Le simple fait d’avoir une idée créative, innovante ou simplement à potentiel ne suffit pas pour confirmer sa fiabilité et sa viabilité et sa rentabilité surtout ! Vous devez vérifier qu’il y a bien un problème à résoudre, un besoin à satisfaire, une attente à combler. Pour cela, posez la question à des utilisateurs potentiels, à vos proches, à votre famille, à tous ceux qui peuvent être concernés par votre solution !

Pour vous y faire…

Interrogez 10-12 à travers des entretiens en face-à-face, en réunion, au téléphone…etc. Choisissez la méthode qui vous convient, mais sachez que le face-à-face demeure tout de même le moyen le plus facile pour créer le dialogue. Pour sélectionner votre panel, réfléchissez à qui pourraient être les « early-adopters », c’est-à-dire les personnes qui seraient vos premiers clients. Pour toute innovation, il y a toujours des personnes (pour eux ou pour leur entreprise) qui sont prêtes à essayer. Cette cible servira à « tracter » les autres segments éventuels.

Pendant ces entretiens…

Essayez de collecter un maximum d’informations sur votre panel (âge, métier, catégorie socio-professionnelle…), fixez le thème de discussion en racontant l’histoire de votre idée et essayez de les faire vivre une vraie expérience. Par la suite, faites-les parler. Posez des questions qui vous permettent de vérifier qu’il y a bien un problème à régler ou un besoin insatisfait. Et surtout que ce problème engendre une insatisfaction suffisante pour qu’ils soient prêts à acheter une solution pour le résoudre.

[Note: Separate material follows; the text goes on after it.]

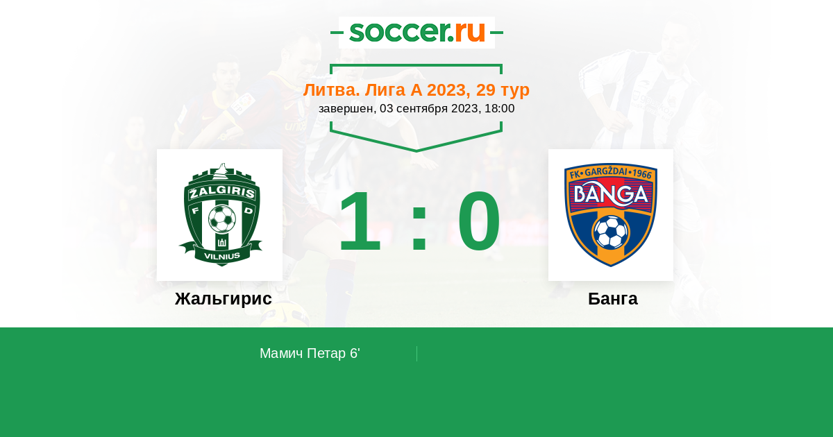 Литва. Лига А 17.09.2014 Банга Логотип футбольный клуб Банга (Гаргждай) 1:5 Логотип футбольный клуб Жальгирис (Вильнюс) Жальгирис

Choisissez bien vos questions, optez pour celles qui vous aident vraiment à comprendre pourquoi la situation leur pose problème, à identifier des pistes pour développer votre produit : « Racontez-moi la dernière fois où vous avez fait telle chose », « et qu’est-ce qui est le plus pénible quand vous faites telle chose ? »…, etc. En gros, retenez ces trois choses primordiales :

  • Surtout, ne dites pas « J’ai imaginé telle solution, qu’en pensez-vous ? ». Faites-les parler d’eux, de leur vie, de leurs difficultés ! Cela signifie que vous devez accepter que la solution proposée par le panel ne soit pas tout à fait celle que vous avez imaginée… Mais mieux vaut le savoir tôt !
  • Si le besoin est réel, avant d’aller plus loin, travaillez sur votre vision entrepreneuriale et sur le contexte dans lequel vous allez entreprendre.
  • Si le besoin, le problème n’est pas avéré ou qu’il l’est mais que les solutions actuelles sont suffisantes, modifiez votre idée et creusez encore plus…

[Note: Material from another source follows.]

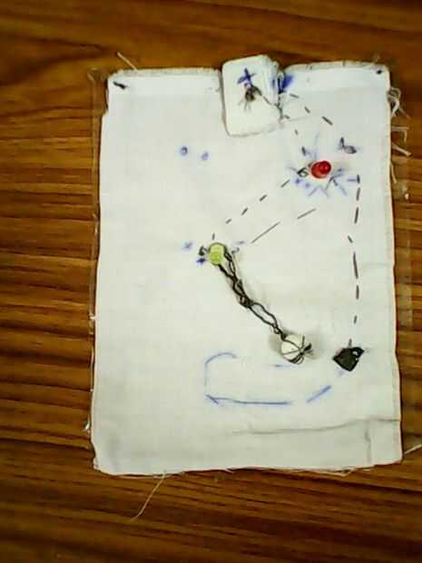 Desde la parte de la resistencia variable está en la capa superior, coser un pedazo pequeño de tejido conductivo a la porción final reforzará la conexión entre las capas.

3 – Analyser, apprendre, comprendre et itérer…

A ce stade, passez à l’analyse des thèmes ou informations collectés grâce à vos entretiens. Faites une comparaison entre les résultats de votre entretien (plus précisément, les réponses de vos clients potentiels) et votre idée de base. Étudiez les informations que votre panel vous a donné sans les distordre pour aller dans le sens de votre idée initiale ! Puis affiner, améliorez et posez de nouvelles hypothèses.

4 – …Et là, améliorer et recommencer à concevoir

Grâce aux retours, recommandations, avis collectés, modifiez à présent votre Lean canvas et votre prototype afin de l’approfondir suffisamment et de tester les fonctionnalités de la solution. Vous pouvez créer une landing page, une vidéo de présentation ou un prototype fonctionnel… La « landing page » est une page sur laquelle arrive un internaute après avoir cliqué sur une publicité en ligne, un lien mail ou tout autre lien promotionnel… L’idée consiste à mesurer l’intérêt des internautes pour votre solution en premier temps.

Pour que cette démarche soit efficace, choisissez bien l’hypothèse à valider, la cible visée, le message à faire passer et l’action que vous voulez que l’internaute effectue (laisser un email pour être prévenu du lancement de votre solution, participer au financement du projet, “liker” le projet, proposer des recommandations…).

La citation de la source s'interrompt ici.